■ **BRIEF**: Reproduce the entries that follow precisely, setting aside any images.

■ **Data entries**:
....................

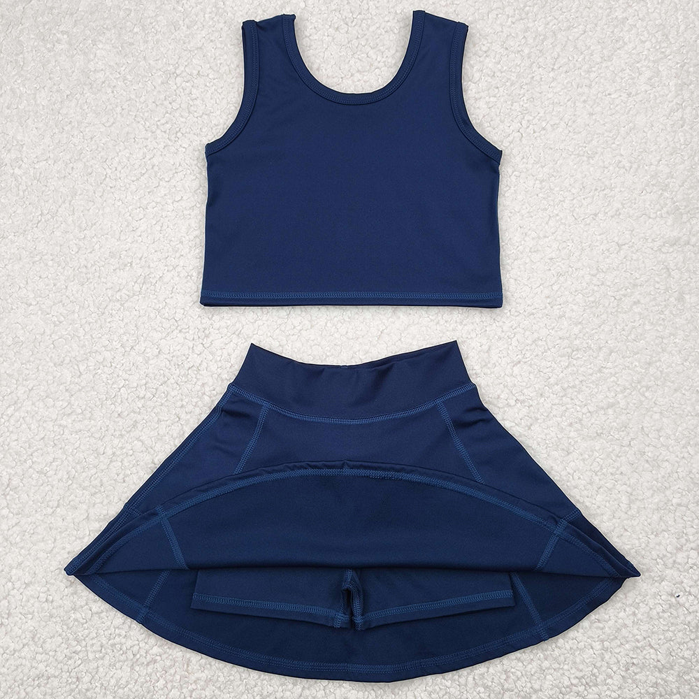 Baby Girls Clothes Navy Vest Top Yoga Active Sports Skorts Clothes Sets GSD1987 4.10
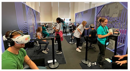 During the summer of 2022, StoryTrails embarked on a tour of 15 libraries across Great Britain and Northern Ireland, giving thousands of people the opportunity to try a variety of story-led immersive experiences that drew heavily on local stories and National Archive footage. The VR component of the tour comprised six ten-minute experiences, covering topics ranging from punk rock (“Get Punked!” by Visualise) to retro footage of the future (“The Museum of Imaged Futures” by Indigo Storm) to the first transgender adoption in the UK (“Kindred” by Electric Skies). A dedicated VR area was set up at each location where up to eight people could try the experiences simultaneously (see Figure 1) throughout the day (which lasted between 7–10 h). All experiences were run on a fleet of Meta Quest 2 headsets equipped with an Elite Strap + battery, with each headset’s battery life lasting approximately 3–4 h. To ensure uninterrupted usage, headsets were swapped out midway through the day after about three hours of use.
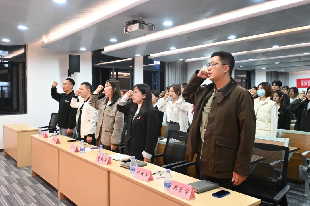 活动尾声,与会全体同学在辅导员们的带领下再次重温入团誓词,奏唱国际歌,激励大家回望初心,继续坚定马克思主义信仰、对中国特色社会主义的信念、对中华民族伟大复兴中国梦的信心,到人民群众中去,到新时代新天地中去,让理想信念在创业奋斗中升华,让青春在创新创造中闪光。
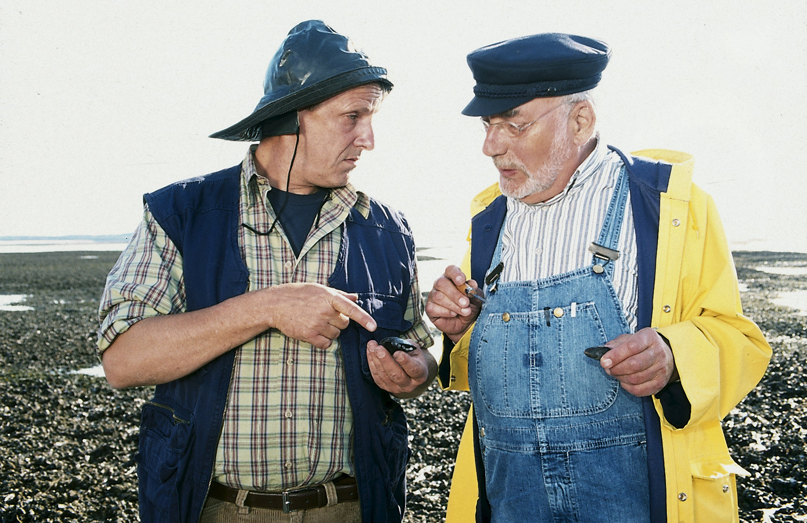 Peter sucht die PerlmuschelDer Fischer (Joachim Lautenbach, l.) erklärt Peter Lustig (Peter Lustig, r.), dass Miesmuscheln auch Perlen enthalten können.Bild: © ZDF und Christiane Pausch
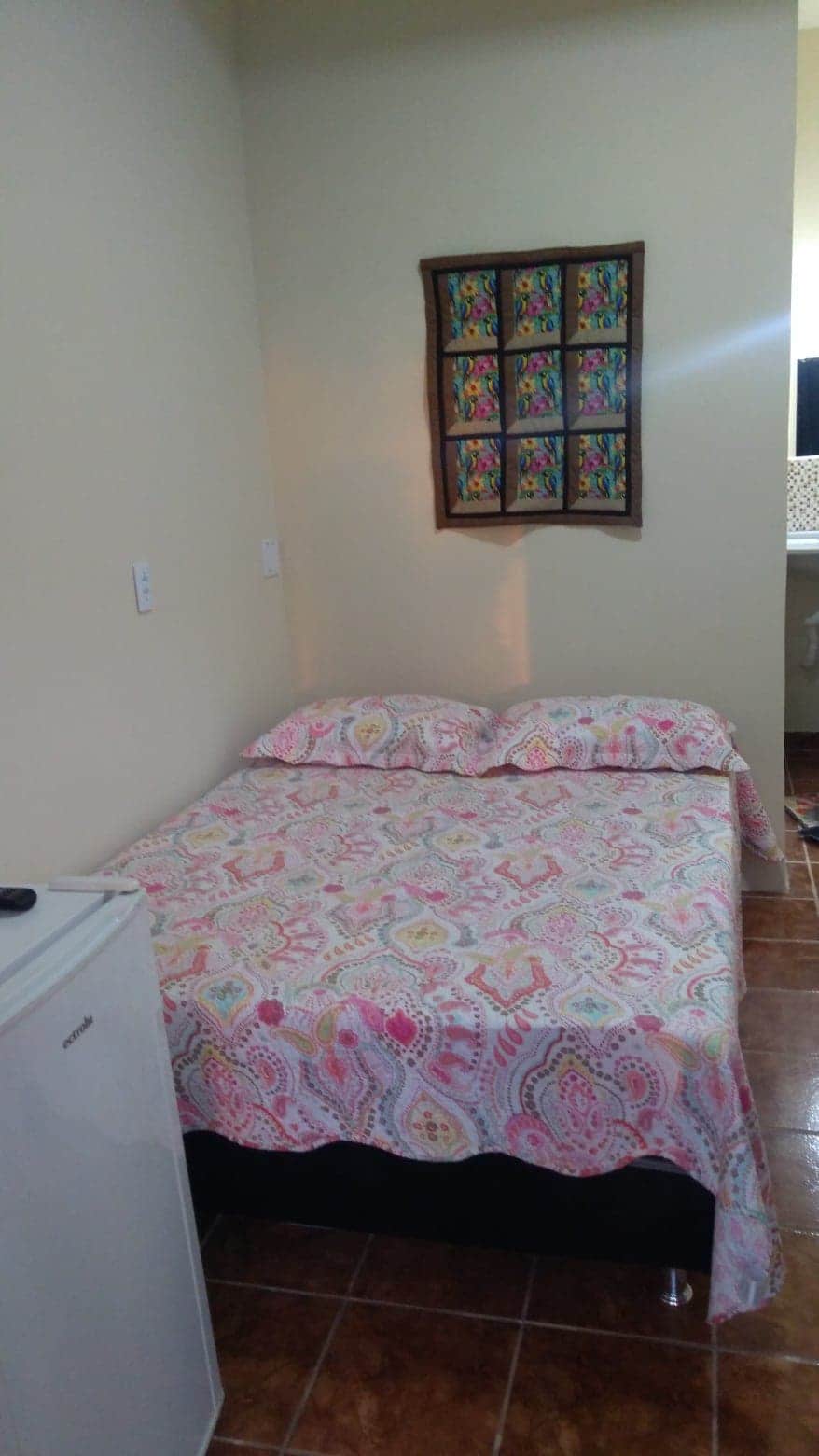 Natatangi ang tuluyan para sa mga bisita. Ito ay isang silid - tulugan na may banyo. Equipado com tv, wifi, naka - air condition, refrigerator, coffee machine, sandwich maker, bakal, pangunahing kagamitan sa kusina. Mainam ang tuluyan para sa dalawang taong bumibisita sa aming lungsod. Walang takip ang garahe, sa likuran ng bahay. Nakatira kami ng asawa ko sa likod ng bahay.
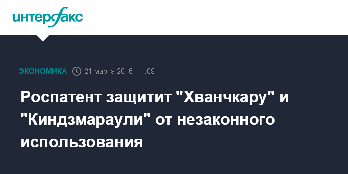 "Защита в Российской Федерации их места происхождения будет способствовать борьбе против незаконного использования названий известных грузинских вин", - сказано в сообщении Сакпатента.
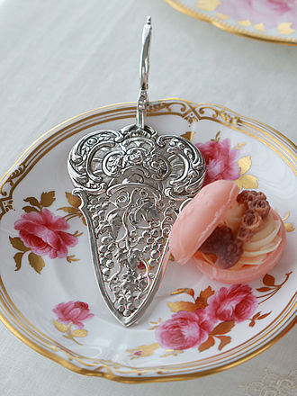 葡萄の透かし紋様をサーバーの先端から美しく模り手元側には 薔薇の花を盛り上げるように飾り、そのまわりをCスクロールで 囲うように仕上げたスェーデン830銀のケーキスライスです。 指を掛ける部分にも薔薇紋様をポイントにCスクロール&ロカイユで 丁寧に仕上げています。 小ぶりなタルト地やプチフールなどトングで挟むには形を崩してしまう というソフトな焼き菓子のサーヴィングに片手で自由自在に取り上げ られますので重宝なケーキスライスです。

....................

■ **TASK ANSWER**:
 Baby Girls Clothes Navy Vest Top Yoga Active Sports Skorts Clothes Sets GSD1987 4.10
 During the summer of 2022, StoryTrails embarked on a tour of 15 libraries across Great Britain and Northern Ireland, giving thousands of people the opportunity to try a variety of story-led immersive experiences that drew heavily on local stories and National Archive footage. The VR component of the tour comprised six ten-minute experiences, covering topics ranging from punk rock (“Get Punked!” by Visualise) to retro footage of the future (“The Museum of Imaged Futures” by Indigo Storm) to the first transgender adoption in the UK (“Kindred” by Electric Skies). A dedicated VR area was set up at each location where up to eight people could try the experiences simultaneously (see Figure 1) throughout the day (which lasted between 7–10 h). All experiences were run on a fleet of Meta Quest 2 headsets equipped with an Elite Strap + battery, with each headset’s battery life lasting approximately 3–4 h. To ensure uninterrupted usage, headsets were swapped out midway through the day after about three hours of use.
 活动尾声,与会全体同学在辅导员们的带领下再次重温入团誓词,奏唱国际歌,激励大家回望初心,继续坚定马克思主义信仰、对中国特色社会主义的信念、对中华民族伟大复兴中国梦的信心,到人民群众中去,到新时代新天地中去,让理想信念在创业奋斗中升华,让青春在创新创造中闪光。
 Peter sucht die PerlmuschelDer Fischer (Joachim Lautenbach, l.) erklärt Peter Lustig (Peter Lustig, r.), dass Miesmuscheln auch Perlen enthalten können.Bild: © ZDF und Christiane Pausch
 Natatangi ang tuluyan para sa mga bisita. Ito ay isang silid - tulugan na may banyo. Equipado com tv, wifi, naka - air condition, refrigerator, coffee machine, sandwich maker, bakal, pangunahing kagamitan sa kusina. Mainam ang tuluyan para sa dalawang taong bumibisita sa aming lungsod. Walang takip ang garahe, sa likuran ng bahay. Nakatira kami ng asawa ko sa likod ng bahay.
 "Защита в Российской Федерации их места происхождения будет способствовать борьбе против незаконного использования названий известных грузинских вин", - сказано в сообщении Сакпатента.
 葡萄の透かし紋様をサーバーの先端から美しく模り手元側には 薔薇の花を盛り上げるように飾り、そのまわりをCスクロールで 囲うように仕上げたスェーデン830銀のケーキスライスです。 指を掛ける部分にも薔薇紋様をポイントにCスクロール&ロカイユで 丁寧に仕上げています。 小ぶりなタルト地やプチフールなどトングで挟むには形を崩してしまう というソフトな焼き菓子のサーヴィングに片手で自由自在に取り上げ られますので重宝なケーキスライスです。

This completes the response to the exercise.